Prestem atenção! Ele repassa às 14h30 um informe do meio-dia. Ainda que verdadeiro fosse, o tempo o tornava inútil.
SURREALISMO COM ROSA
Mas nada se equipara à reação de Ibaneis na conversa com Rosa Weber, presidente do Supremo.
Às 16h25, ela lhe escreve:
“Já entraram no Congresso”
Ele responde:
“Coloquei todas as forças de segurança nas ruas.”
Sabem o que o valente fez em seguida? Afirmou que estava cuidando do assunto e compartilhou com Rosa o telefone do secretário de Segurança em exercício. ISSO MESMO! Só faltou um “liga pra ele se quiser”.
Quando a canalha já depredava as respectivas sedes dos Três Poderes, aí o Ibaneis tranquilão enviou mensagem a Dino: “Vamos precisar do Exército.
Se aceita a sugestão, o governo Lula teria acabado ali. O “Plano Gold” do golpismo sempre foi este: desordem generalizada, Polícia Militar inerme ou conivente com os golpistas (vimos as duas coisas) e necessidade de intervenção das Forças Armadas.
AFASTAMENTO
Voltemos ao afastamento de Ibaneis.
Moraes justificou de maneira irrespondível o afastamento do governador. Transcrevo:
“Conforme prevê o Código de Processo Penal, somente será possível a imposição das medidas cautelares previstas no art. 319, desde que observados os critérios constantes do art. 282, que são: “necessidade” (necessidade para aplicação da lei penal, para a investigação ou a instrução criminal e, nos casos expressamente previstos, para evitar a prática de infrações penais) e “adequação” (adequação da medida à gravidade do crime, circunstâncias do fato e condições pessoais do indiciado ou acusado).

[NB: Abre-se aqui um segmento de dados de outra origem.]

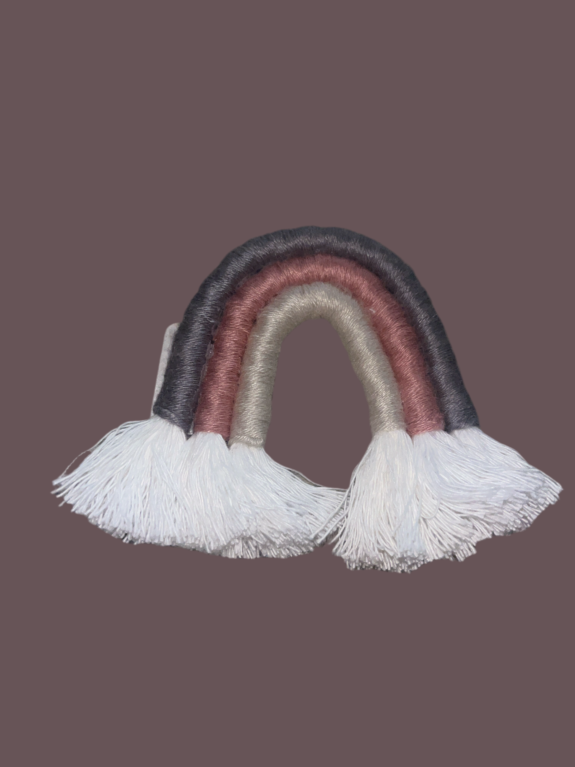 Brighten up any space with our Macrame Rainbow Magnet! This unique, handmade piece adds a touch of color and charm to your fridge, locker, or any magnetic surface. Say goodbye to boring magnets and hello to a fun and playful addition to your home decor.
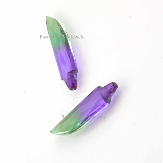 Multi-Color Tourmaline New Sword Shape Gemstone, Faceted Briolette Calibrated, Loose Beads Stone For Jewelry Earring Making - 2 Pcs Set

Na presente hipótese, verifico haver necessidade de se impor medida cautelar diversa da prisão — uma vez que não houve representação da PF ou requerimento da PGR pela prisão preventiva — consistente na suspensão do exercício da função pública do agente público que teria tido, ao menos pelos elementos de prova inicialmente coligidos e amplamente divulgados, envolvimento com os fatos descritos, ainda que por omissão dolosa. Diversos e fortíssimos indícios apontam graves falhas na atuação dos órgãos de segurança pública do Distrito Federal, pelos quais é o responsável direto o Governador do Distrito Federal, IBANEIS ROCHA, dentre os quais é possível listar, até o momento, os seguintes fatos principais:
(a) os terroristas e criminosos foram escoltados por viaturas da Polícia Militar do Distrito Federal até os locais dos crimes;
(b) não foi apresentada, pela Polícia Militar do Distrito Federal, a resistência exigida para a gravidade da situação, havendo notícia, inclusive, de abandono dos postos por parte de alguns policiais;
(c) parte do efetivo deslocado para impedir a ocorrência de atos violentos não adotou as providências regulares próprias dos órgãos de segurança, tendo filmado, de forma jocosa e para entretenimento pessoal, os atos terroristas e criminosos;
(d) Anderson Gustavo Torres foi exonerado do cargo, no momento em que os atos terroristas ainda estavam ocorrendo.”
Notem: Ibaneis só não foi preso, depreende-se do despacho do ministro, porque não houve a solicitação do Ministério Público ou da Polícia. A situação do governador, parece-me, é insustentável. Ademais, é, sim, o STJ o foro para ações contra governadores. Acontece que o Inquérito 4.879, dos atos antidemocráticos — no âmbito do qual são investigados Ibaneis, Anderson Torres e outros — tramita no Supremo. Até porque a investigação de ataques ao tribunal sempre serão da competência do próprio tribunal.
A defesa de Ibaneis Rocha sustenta que o governador nem se omitiu nem agiu de modo a provocar os desastres do dia 8 de janeiro. O papel da defesa é mesmo defender e tem o meu respeito. Mas os fatos não endossam a versão.
Ibaneis até pode voltar ao cargo — já fez o pedido ao Supremo —, mas não parece plausível que escape de uma condenação.